CREATE FOREIGN TABLE planet_aggregators( x text[] ) SERVER file_tafdw_server
 OPTIONS (filename 'C:/fdw_data/planet_aggregators.csv', format 'csv', encoding 'latin1', delimiter E',', quote E'"');

Querying our table

Querying the table is easy. The standard way works and gives you a all rows.

SELECT * FROM planet_aggregators;

Output is

                                                          x
----------------------------------------------------------------------------------------------------------------------
 {Site,Description,"Home Page","Tag 1","Tag 2","Tag 3"}
 {"Planet PostGIS","PostGIS - the best spatial database ever.                                                        +
 Find out all that's happening in PostGIS land. ",http://planet.postgis.net,postgis,postgresql,gis}
 {"Planet PostgreSQL","PostgreSQL - The most advanced open source databases",http://planet.postgresql.org,postgresql}
 {"Planet OSGeo","Open Source Geospatial technologies",http://planet.osgeo.org,gis}

This doesn't work because in order to use the hstore function that matches headers with values, the header and value arrays must be the same bounds. Makes sense.

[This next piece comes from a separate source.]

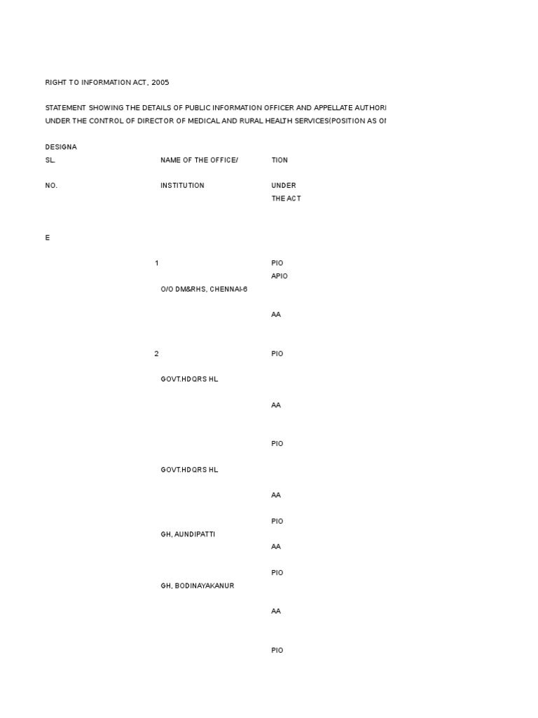 STATEMENT SHOWING THE DETAILS OF PUBLIC INFORMATION OFFICER AND APPELLATE AUTHORITY IN THE GOVERNMENT MEDICAL INSTITU
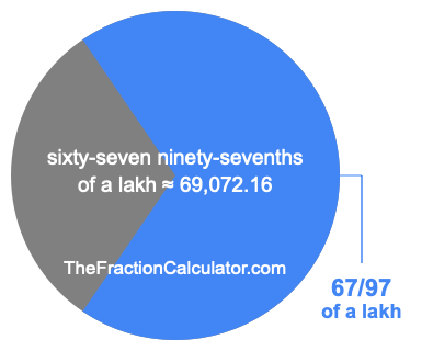 If you want to calculate 67/97 of a lakh (sixty-seven ninety-sevenths of a lakh), then you want to divide one lakh (1,00,000) into 97 equal pieces and calculate the sum of 67 of those pieces.

-- get error: array must have same bounds
 WITH 
 cte As (SELECT hstore(headers.x, p.x) As kval
  FROM (SELECT x 
     FROM planet_aggregators
     LIMIT 1) As headers
    CROSS JOIN planet_aggregators As p
 )
  SELECT kval->'Site' As site_name, kval->'Home Page' As web_site
    FROM cte offset 1;

Fear not, the power of arrays will save us

WITH 
 cte As (SELECT hstore(headers.x[1:3], p.x[1:3]) As kval, p.x[4:6] As features
  FROM (SELECT x 
     FROM staging.planet_aggregators
     LIMIT 1) As headers
    CROSS JOIN staging.planet_aggregators As p
 )
  SELECT kval->'Site' As site_name, kval->'Home Page' As web_site, features
    FROM cte offset 1;
     site_name     |           web_site           |         features
-------------------+------------------------------+--------------------------
 Planet PostGIS    | http://planet.postgis.net    | {postgis,postgresql,gis}
 Planet PostgreSQL | http://planet.postgresql.org | {postgresql}
 Planet OSGeo      | http://planet.osgeo.org      | {gis}